Twee stickers
Andersen Consulting sponsort het Williams/Renault-team in de Formule 1. Waarom doet zo’n bedrijf dat, en wat zijn de resultaten ?
Grove (Oxfordshire)
Beelden vlak voor de start van een Grand Prix Formule 1. De cameraman loopt op de wagens toe die klaarstaan voor de opwarmronde en zoomt in op de rijders. Op de helmen van de Williams/Renault-coureurs Jacques Villeneuve en Heinz-Harald Frentzen lezen we de naam Andersen Consulting. Lichte verwondering : je verwacht immers niet zo gauw een merknaam uit de sector business-to-business in een sport die door de grote televisie-aandacht toch veeleer voorbehouden lijkt te zijn aan internationale merken van fast moving consumer goods.

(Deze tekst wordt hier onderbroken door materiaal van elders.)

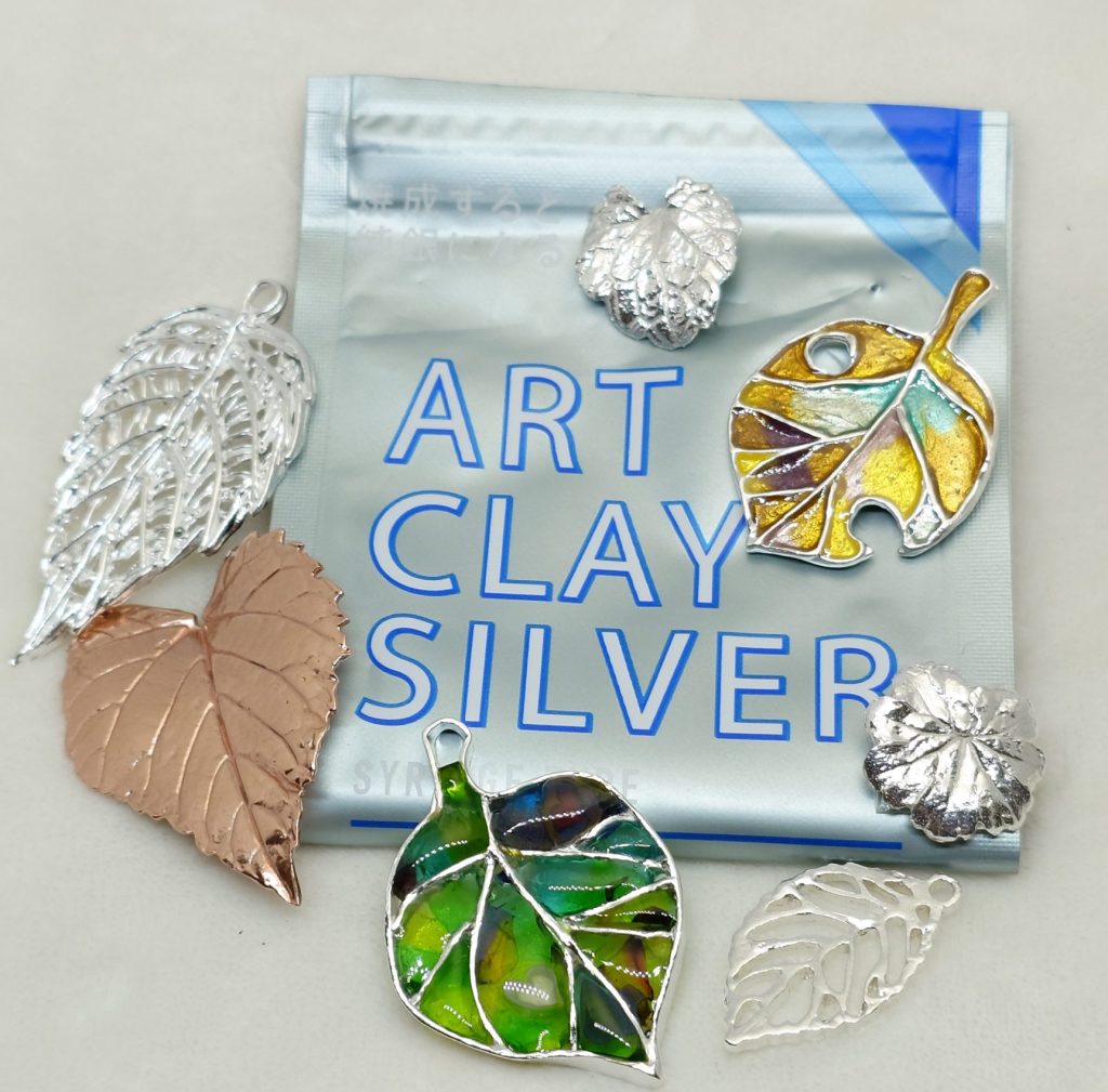 銀粘土細工体験では、相田化学工業(株)の銀粘土を使ってオリジナルアクセサリーや小物を制作します。銀粘土で好きな形をつくり、焼成すると銀純度99.9%の作品が完成!
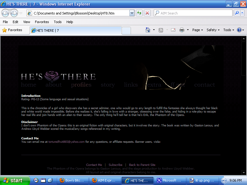 Anyway, this logo will contribute to the design of the next He's There layout (not that I have plans to start it yet), and the "movie poster" which I need to make and already have a sketch and ideas for. It's funny, but the design for it was partly inspired by No Doubt's End It On This, the future movie's ending credits song. lol... [/nerd] At the 3:02 mark approximately, I picture the reveal of the logo followed by theater dates, like in a trailer, and then at 3:15 when it picks back up, clips of climax parts, namely the Phantom riding on the chandelier as it falls in sort of slow motion, with the camera hovering over him clockwise for about half a circle. (I have no idea where that came from. He isn't planned to do it in the book. ...yet?)
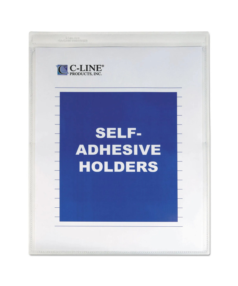Self-adhesive PVC-free poly holders stick wherever they are needed. Clear, heavyweight holders with non-rip seams attach to any dry, clean, flat surface. Ideal for convenient storage of instructions or service records on office equipment. Unlimited uses for these adaptable products. Measures 9" x 12", Box of 50.
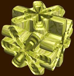 Keywords: mathematica 3d cg parametricplot3d texture torus 輪環 りんかん ドーナツ どーなつ 六芒星 ろくぼうせい 六光星 ろくこうせい 六稜星 ろくりょうせい プログラム コード code program algorithm コード アルゴリズム hexagram geometric sculpture geometricsculpture shape geometry sculpture mapping テクスチャ マッピング 模様 もよう design pattern デザイン パターン graphic グラフィック グラフィクス structure 意匠 構造 symmetry 対称性 たいしょうせい シンメトリー 対称 たいしょう algorithm indoor a = 2; (* center hole size of a torus *) b = 6; (* hexa-torus *) c = 3; (* distance from the center of rotation *) d = 6; (* number of torus *) SetOptions[ParametricPlot3D, PlotRange -> Full, Mesh -> None, Boxed -> False, Axes -> None, PlotPoints -> 400, ImageSize -> 3000, Background -> Darker[Orange, 0.8], PlotStyle -> Directive[Specularity[White, 30], Texture[Import["D:/tmp/71.jpg"]]], TextureCoordinateFunction -> ({#4, #5 b Pi} &), Lighting -> "Neutral"]; f[v_] := Sin[2 Sin[Sin[Sin[v]]]]; x = (a - Cos[t] - f[b s]) Cos[s + Pi/(2 b)]; y = (a - Cos[t] - f[b s]) Sin[s + Pi/(2 b)]; z = Sum[Sin[(2 k - 1) t]/(2 k - 1), {k, 4}] + c; vc = {{0, 0, 1}, {0, 0, -1}, {0, 1, 0}, {0, -1, 0}, {1, 0, 0}, {-1, 0, 0}}; rot = Table[{x, y, z}.RotationMatrix[{{0, 0, 1}, vc[[i]]}], {i, d}]; ParametricPlot3D[rot, {t, 0, 2 Pi}, {s, 0, 2 Pi}] (*--- The Texture *) a = 2; (* center hole size of a torus *) b = 6; (* hexa-torus *) c = 3; (* distance from the center of rotation *) d = 6; (* number of torus *) SetOptions[ParametricPlot3D, PlotRange -> Full, Mesh -> None, Boxed -> False, Axes -> None, PlotPoints -> 400, ImageSize -> 3000, Background -> Darker[Orange, 0.8], PlotStyle -> Directive[Specularity[White, 30], Texture[Import["D:/tmp/71.jpg"]]], TextureCoordinateFunction -> ({#4, #5 b Pi} &), Lighting -> "Neutral"]; f[v_] := Sin[2 Sin[Sin[Sin[v]]]]; x = (a - Cos[t] - f[b s]) Cos[s + Pi/(2 b)]; y = (a - Cos[t] - f[b s]) Sin[s + Pi/(2 b)]; z = Sum[Sin[(2 k - 1) t]/(2 k - 1), {k, 4}] + c; vc = {{0, 0, 1}, {0, 0, -1}, {0, 1, 0}, {0, -1, 0}, {1, 0, 0}, {-1, 0, 0}}; rot = Table[{x, y, z}.RotationMatrix[{{0, 0, 1}, vc[[i]]}], {i, d}]; ParametricPlot3D[rot, {t, 0, 2 Pi}, {s, 0, 2 Pi}] (*--- The Texture *) |
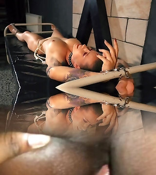 la mariée brune mince soumise se fait menotter, gorge profonde et baisée durement par son fiancé encré dur
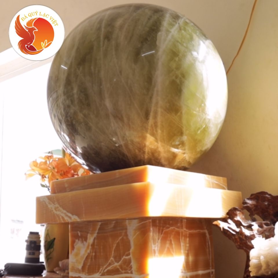 Cầu đá thạch anh vàng với hình dạng tròn trịa, tượng trưng cho sự viên mãn và hài hòa. Hình cầu giúp lan tỏa năng lượng đều khắp không gian, mang lại cảm giác bình an và ấm áp. Khi kết hợp với trụ đá, bộ đôi này tạo nên sự cân bằng hoàn hảo giữa tụ khí (trụ đá) và phân tán năng lượng (cầu đá), giúp tối ưu hóa phong thủy cho gia đình.

Het antwoord is vrij simpel : het gaat om naambekendheid, om te laten zien waar Andersen Consulting voor staat. Binnen de holding Andersen Worldwide bestaat het bedrijf sinds 1989, als zusterfirma van Arthur Andersen, maar de twee werden vaak gezien als hetzelfde.
Volgens Robert Baldock, client partner van Andersen Consulting in Londen, wilde men de doelgroep laten weten dat het consultingbedrijf “anders” is en wat het kan doen. “Vandaag de dag is het nog altijd verwarrend voor een aantal mensen, maar het is al een stuk beter dan in 1989 : toen was Andersen Consulting een brandnieuwe naam die net zo goed op blikken bonen had kunnen staan. We hebben een grote stap voorwaarts gemaakt in het creëren van naambekendheid en, nog belangrijker, in het meedelen van wat we doen.”
Drie jaar ervaring in de IndyCar
Blijft de vraag : waarom Formule 1 ? Weer is het antwoord eenvoudig. Naar eigen zeggen is Baldock een F1-fanaticus. “Ik zat al enige tijd uit te kijken naar een mogelijkheid om Andersen in de F1-racerij te brengen,” zegt hij. Die kans kwam toen het bedrijf een nieuwe baas kreeg uit de Verenigde Staten. Hij was ook een autosportliefhebber en had Andersen betrokken bij de Amerikaanse IndyCar (inmiddels omgedoopt tot CART).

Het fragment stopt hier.